PGPB-produced mechanisms related to tolerance against salinity stress.

PGPB	Plants	Effects	Mode of Action	References
P. mendocina	Lactuca sativa L.	Stable soil aggregates in high proportions	ESP production	[259]
A. brasilense and Pantoea dispersa	Capsicum annuum L.	Increased dry weight and K+/Na+ ratio	Maintaining of higher stomatal conductance	[276]
B. aquimaris	T. aestivum L.	Increased weight, biomass, andleaf nutrients	Accumulation of osmoprotectants (TSS and proline)	[264]
Rhizobium sp. and Pseudomonas sp.	Zea mays L.	Increased plant biomass, development, and nutrient uptake	Accumulation of osmoprotectants (proline, Betaine), water and ion homeostasis	[58]
Pseudomonas sp.	S. lycopersicum L.	Higher shoot and root length, total dry weight, and chlorophyll content	ACCD production and osmoprotectants accumulation (trehalose)	[272]
B. megaterium	Z. mays L.	Higher root hydraulic conductance	Up-regulation of aquoporin genes (PIPtype)	[274]
B. subtilis	Puccinellia tenuifloraSCRIBN. & MERR.	Improved shoot and root growth and decreased Na+ ion accumulation	Ion transport genes (HKT type): transcriptional changes	[277]
P. simiae	G. max L.	Higher weight, length, and K+/Na+ ratio	Changes in transcriptional regulation of phosphatase activity, proline accumulation, and the production of VOCs	[278]
Rhizobium sp. and Pseudomonas sp.	Z. mays L.	Enhanced plant biomass, nutrient uptake and development	Accumulation of proline, water and ion homeostasis	[58]
Pseudomonas sp. and Bacillus sp.	G. max L.	Increased water content, plant biomass, and photosynthetic activity	Production of IAA ESP, and ACCD and accumulation of proline	[279]
B. aquimaris	T. aestivum L.	Increased weight, biomass, andleaf nutrients	Accumulation of osmoprotectans (PRP and TSS)	[264]
A. lipoferum	T. aestivum L.	Enhanced plant weight and chlorophyll content	N2 fixation and IAA production	[280]
Bacillus sp.	P. sativum L.	Enhanced morphological and biochemical parameters	IAA production, P-solubilization, ACCD, and hydrogen cyanide production	[41]
Bacillus and Pseudomonas sp.	P. sativum L.	Enhanced morphological and biochemical parameters and modulated antioxidant genes	ACCD production	[40]
A. piechaudii	S. lycopersicum L.	Increased dry and fresh weight, and K and P uptake	ACCD production	[171]
Burkholdera cepacian, Promicromonospora sp. and A. calcoaceticus	C. sativus L.	Enhanced biomass, photosynthetic pigments, water, and P and K content	Downregulation of ABA genes	[205]
Kocuria rhizophila	Z. mays L.	Reduction of Na+ accumulation and increase in productivity parameters	Transcriptional changes in ion transporter genes (NHX and HKT-type) and hormonal changes (ABA and IAA)	[281]
B. amyloliquefaciens	Menthax piperita L.	Improved morphological characteristics and higher chlorophyll content	VOCs production and reduction of ABA endogenous levels	[282]
Bradyrhizobium japonicum and B. thuringiensis	G. max L.	Germination of seeds and proteome changes	Lipo-chitooligosaccharide and bacteriocin production	[218]

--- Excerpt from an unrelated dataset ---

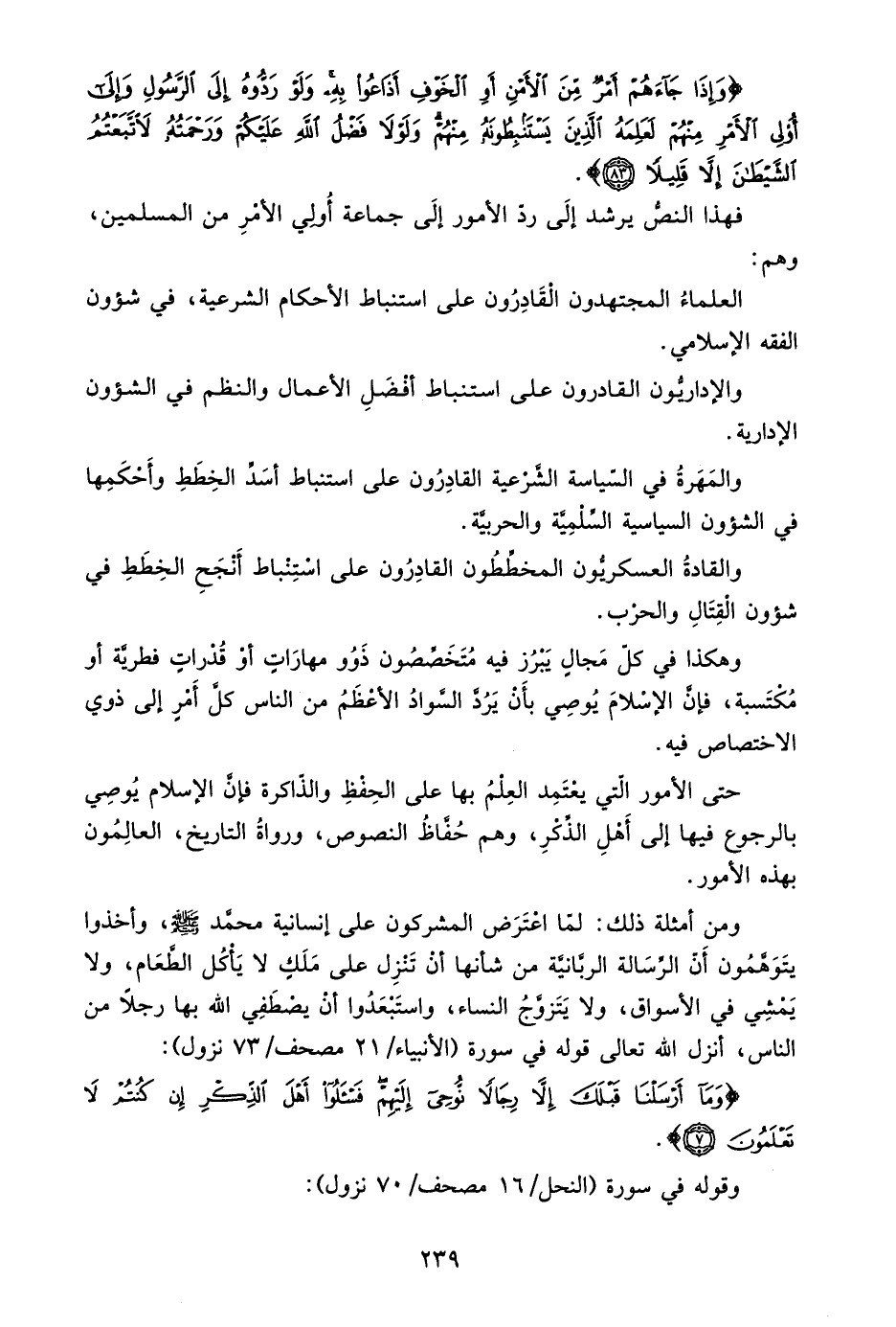 فهذا النص يرشد إلى رد الأمور إلى جماعة أولي الأمر من المسلمين وهم:

ESP—Exopolysaccharide; VOCs—Volatile Organic Compounds; ACCD—1-aminocyclopropane-1-carboxylate deaminase; ABA—Abscisic acid; IAA—Indole acetic acid; PRP—Proline-rich protein; TSS—Total soluble sugar; P—Phosphorus; N2—Nitrogen; NHX—vacuolar Na+/H+ antiporter; HKT—Sodium transporter.

7.2.1. Production of Extracellular Polymeric Substances

Many biopolymers were synthesized by microorganisms under natural conditions, including polysaccharides, polyesters, and polyamides (Figure 3). A variety of multifunctional polysaccharides are produced, including intracellular, extracellular, or ESP, structurally [242,243,244]. EPS-producing PGPBs are capable of alleviating salinity stress [245,246], as they bind with cations, such as Na+, and decrease plant accessibility towards these toxic ions. For the classification of stress-tolerant microbes, EPS may be an important criterion, as they help crops thrive under stressful conditions. EPS enhances the water retention capacity of bacteria and regulates the diffusion of organic carbon sources to promote their survival. The desiccation tolerance of bacteria is also attributed to polysaccharide–lipid (PL) and high molecular weight lipopolysaccharide–protein (LP), a carbohydrate complex. Moreover, bacteria also contain polysaccharide–lipid complexes (PLs) and high molecular weight lipopolysaccharide–protein complexes (carbohydrate complexes) that are primarily responsible for desiccation resistance. In addition, EPS can facilitate microbe–plant interactions [244,246,247] by providing microenvironments that enable microbes to survive in stressful conditions. In addition, it helps bacteria colonize the plant by allowing them to attach to root exudates. Under drought and salinity stress conditions, the EPS composition and concentration dramatically change. Microbes secrete EPS in the form of slime material in soil, which is bonded to soil by hydrogen bonds, cation bridges, anion adsorption mechanisms, etc. [248,249]. Thus, slime substance forms around soil aggregates, providing protection against drought and salinity. Plants that are inoculated with EPS-producing microbes display resistance against water deficit and salination conditions (Figure 3). By producing EPS around roots, soil microbes can also increase the water potential and increase the nutrient uptake by plants [246,249]. Under drought and salinity stress, this formation of biofilms is a common mechanism by which various microbes protect themselves from adverse effects. EPS plays an essential role in providing structural stability to biofilms [250,251]. Under saline conditions, EPS may modulate the chemical and physical characteristics of microbes and restrict sodium (Na+) uptake [246].

7.2.2. Osmotic Adjustment

Among the effects caused by salinity, the first is osmotic stress, which disrupts the water balance, resulting in stomatal closure [60,252]. The reduced leaf area and imbalanced gas exchange lead to a decrease in the photosynthesis rates [50,253]. In addition, there is photosynthetic feedback inhibition. During reduced growth, carbohydrates accumulate in storage organs and meristems, which are otherwise used in the expansion and proliferation of new tissues [160,253]. In order to compensate for the effects of drought and salinity, plants must maintain their water balance and preserve their photosynthetic structures. Through various mechanisms, PGPB has demonstrated potential application as a method of enhancing the osmotic balance (Figure 3 and Table 1).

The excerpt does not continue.